Having established the superiority of American culture, the show can move on in Season Two to matters of the heart, which are more complicated, for while Emily could solve marketing problems with snap of her smartphone, the conflicts of romance are mostly internal. The basic problem is that Emily, in one passionate encounter, has fallen for Gabriel and he for her. But he already has a girlfriend, Camille, whose family company is a client of the marketing firm Emily works for.

In European movies, women in love follow their whims, often without regard for common sense and without planning out the consequences, especially the consequences for others. Men can only try to understand. The classic example is “Jules and Jim,” where a woman’s capriciousness brings the men who love her heartbreak and even death.

Emily tries to be more practical. If her feelings for Gabriel cause difficulties for him and for Camille, she will try to suppress those feelings. She agrees to  a formal agreement with Camille that since Gabriel is the problem, they both agree not to be romantically involved with him. Camille of course has no intention of honoring that pact. It’s hard to imagine a woman in a French movie imposing a bureaucratic solution to restrain feelings of love. But to the American Emily, it seems like a practical, workable solution.
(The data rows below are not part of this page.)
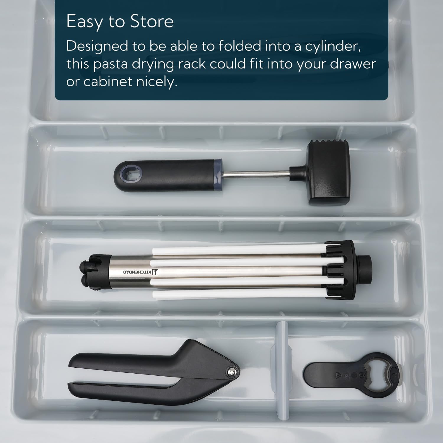 - Compact for Easy Storage: This pasta dryer rack is collapsible for easy storage. It saves space and fits nicely in the drawer or cabinet
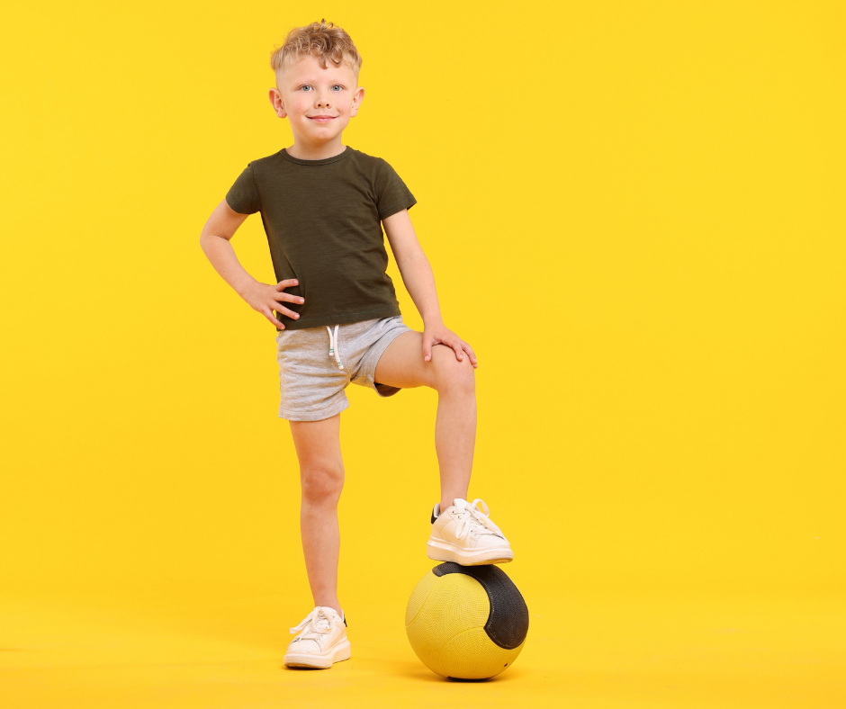 Keeping their toes straight ahead, have your child stand on one foot for 5-10 seconds. If they are unable to do this independently, have them balance their foot on a ball. Complete on both feet. Increase the time as they are able. If this is too easy, you can try standing on one foot on an unstable surface, like a pillow.
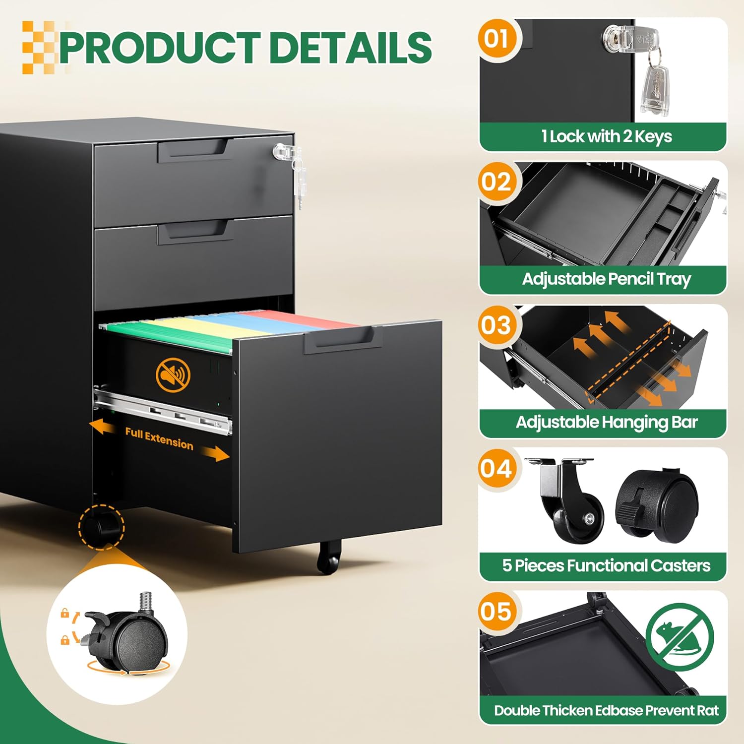 - 【Easy to Move】: The file cabinet is equipped with 4 lockable swivel casters and 1 anti-tilt Caster in front . Middle caster prevents tipping over when all drawers opened at the same time. You can move file cabinet smoothly with 5 rolling casters to anywhere you want.

The show is on Emily’s side her. Camille is selfish and scheming, petty and vindictive. She insistst that a business meeting be conducted in French, leaving Emily unable to understand what’s going on. “Emily in Paris” wants us to see her as nasty for this, even though French is the native language of everyone at the table save Emily. Camille, who has just discovered that Emily had sex with her boyfriend, wants only that she not be seduce him away, but in “Emily in Paris” she is the bad guy.
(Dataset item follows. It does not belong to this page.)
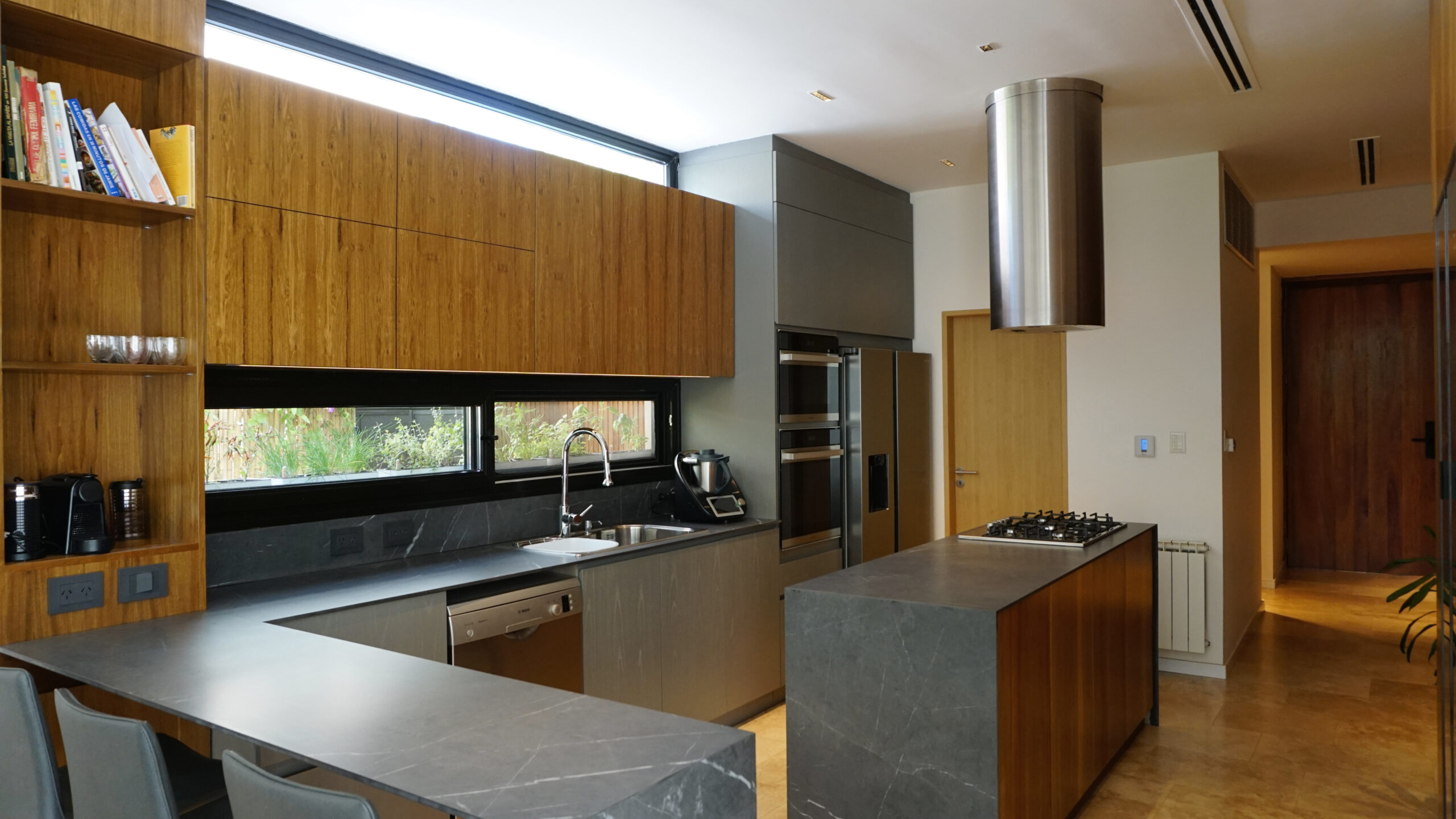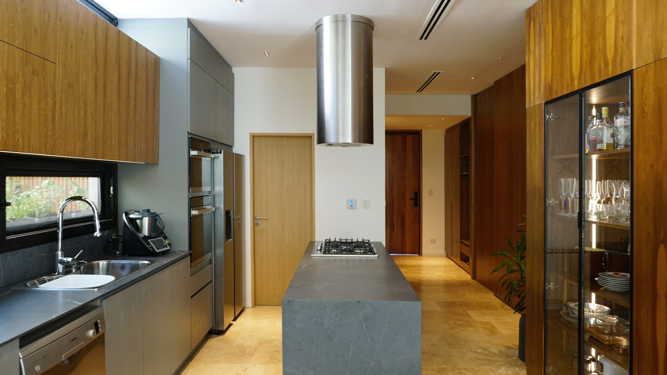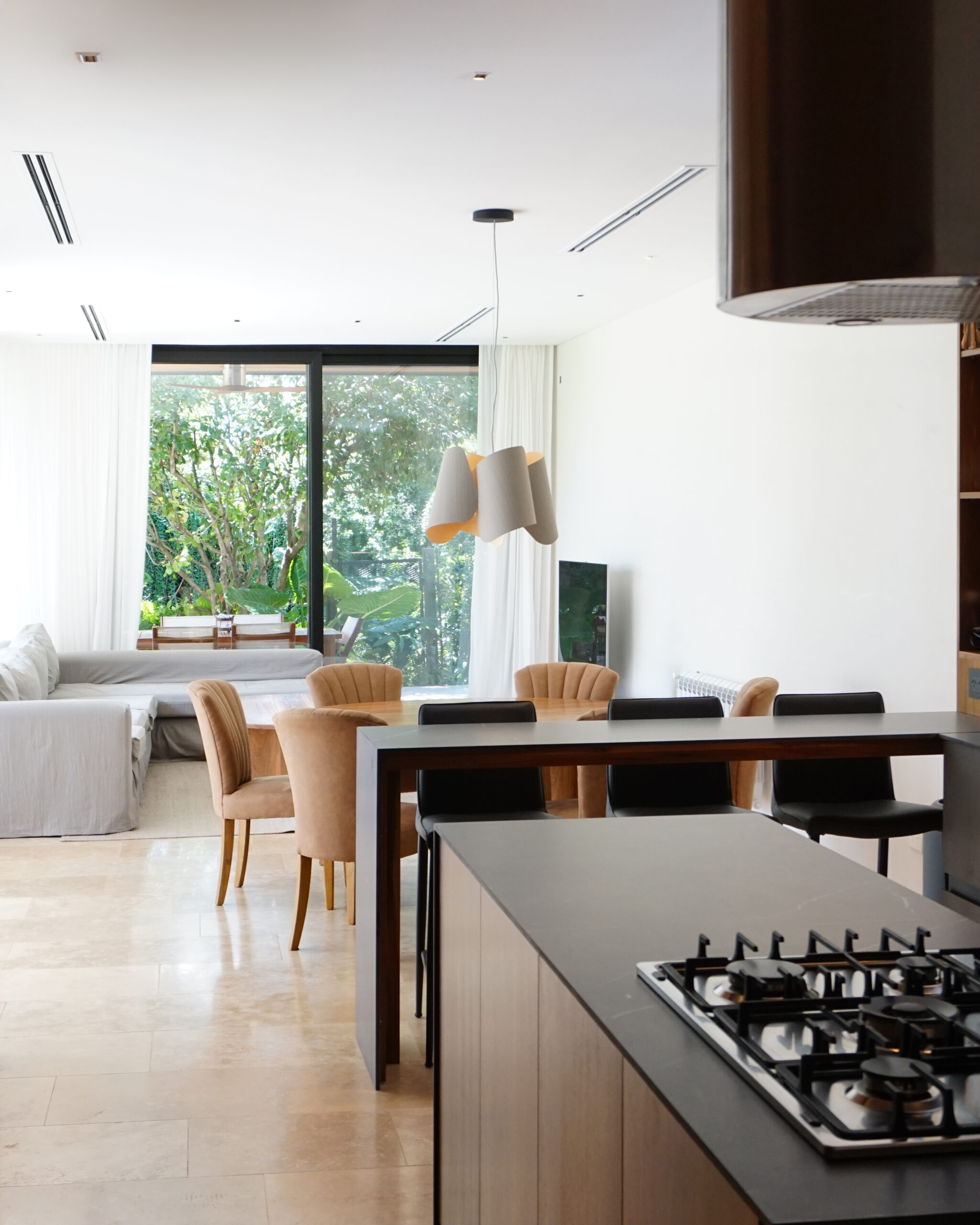 Desde la fachada de mármol travertino rústico hasta las aberturas con DVH, los muebles de petiribí realizados a medida, los sistemas de calefacción y aire centrales, cada detalle refleja una cuidadosa fusión de calidez y contemporaneidad. La adición de una nueva galería y una piscina revestida en piedra Bali amplía las posibilidades al aire libre, ofreciendo un oasis dentro del espacio doméstico. La galería se fusiona con el uso de la piscina, y las aberturas piso techo diluyen los límites del interior.

The show makes a deliberate point of the inability of Americans to think accurately about affairs of the heart. After the meeting, Emily’s colleague Luc takes her to film, “ a classic,” he tells her. It’s “Jules and Jim” (the title of this episode is “Jules and Em”). As they talk briefly about the film afterwards, Emily says, ‘If Catherine and Jim had only waited for each other’s letters to arrive before sending another one, there would have been less confusion, and they all would have ended up together.” And she’s right. If “Jules and Jim” had been an American film, it would have had a pragmatic, understandable, and happy ending.